Mrs Cassidy cleaned your room every day. You would rather she didn’t, but she just barged in with her own key when you were at work. For that reason, you kept the girlie magazines locked in the wardrobe. She, too, would misunderstand about them. Once, though, you’d deliberately left them out where she’d see them, excited by the thought of what her thoughts might be. Seeing the magazines, she might visualise you masturbating, naked and sweating on the bed. Many times since then you’d masturbated over your own mental picture of her mental picture of yourself.
All that was safe, or as safe as anything sexual could be. As long as you never actually showed sexual feelings to anyone you could feel in control of the situation. Even leaving the magazines for Mrs Cassidy to see was fairly safe. Even if she did have the thoughts you imagined her having, she’d blame her own dirty mind and you wouldn’t be implicated.
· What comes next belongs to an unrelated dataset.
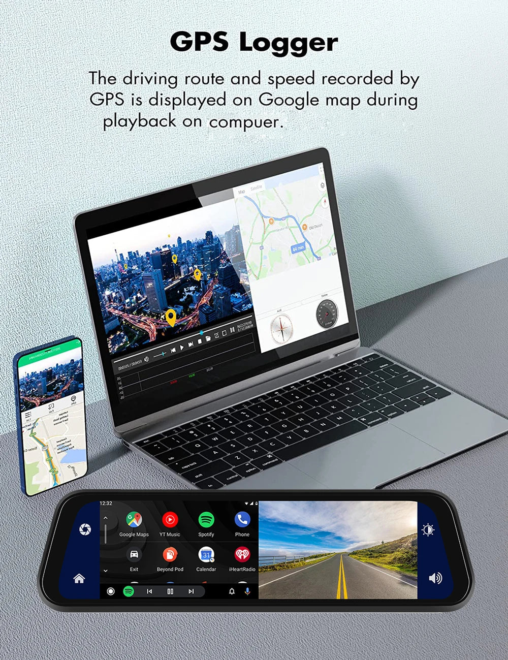 10" Dash Cam 4K 3840*2160P Car Dvr Carplay Android Auto GPS 5G WIFI AUX Stream RearView Mirror Dashcam Camera Drive Recorder FM

In your dealings with Mrs Cassidy, and everyone else, you came across as a polite, aloof young man with important things on his mind. So
metimes Mrs Cassidy and her male lodgers sat drinking beer in the kitchen, laughing and joking for hours. They’d invited you to join them at the beginning. Of course you never did. You were too shrewd to be caught like that. They never asked you again.
At work, too, you kept apart. The noise of the machinery in the factory was maddening, but at least it prevented conversation. At smoko and lunchtime, when the other men sat outside against the wall and talked about cars and football and sex, you always went down the street and sat in a quiet spot by yourself where you could think your own thoughts. That was the great thing, to be able to think, and you couldn’t do it with people around. Sometimes you felt as if you had hardly any body at all, just thoughts. There were even moments when you’d suddenly become aware of your body … a hand … a foot … and been astounded that you were an actual person with flesh and hair.
Now you hadn’t been to work for several days. There wasn’t any point.
The sexual arousal had gone. You sat staring around the room. You thought again of tidying up, but it seemed too much trouble. Torn butts of cinema tickets lay on the floor. Films were your only luxury and you spent most of your money on them. In a cinema you could float out of yourself into the bodyless world of feeling on the screen. To stop being yourself was lovely, it was happiness. Films had one terrible drawback though … they came to an end. The lights always came on and the real world was there waiting.
Last night you’d seen “Dr Zhivago” for the seventh time and the return afterwards had been very bad. The final scene, where Lara walks out into the street under huge portraits of Lenin and Stalin, to disappear forever, “a nameless number on a list afterwards mislaid”. had filled you with a sort of ecstasy of grief.
You wanted to explode, literally, like a skyrocket, into nothingness. That was feeling, pure, untouchable, and you’d gladly have died right there in the seat rather than return to yourself and face the street outside with its squalor of traffic and people.
On the bus ride home you tried to keep that scene unspoiled in your mind, staring straight ahead with blank eyes like a shellshock victim, and whispering “Lara, Lara” under your breath. It was no use. The conductor came for the fare. Then a fat man sat beside you. The dirt on the floor and the traffic and the grinding of the bus’s gears and the press of the fat man crept steadily through your consciousness until Lara was completely gone and all beauty and feeling with her. You were just yourself again, a shabby youth on a dirty bus. You knew it couldn’t continue.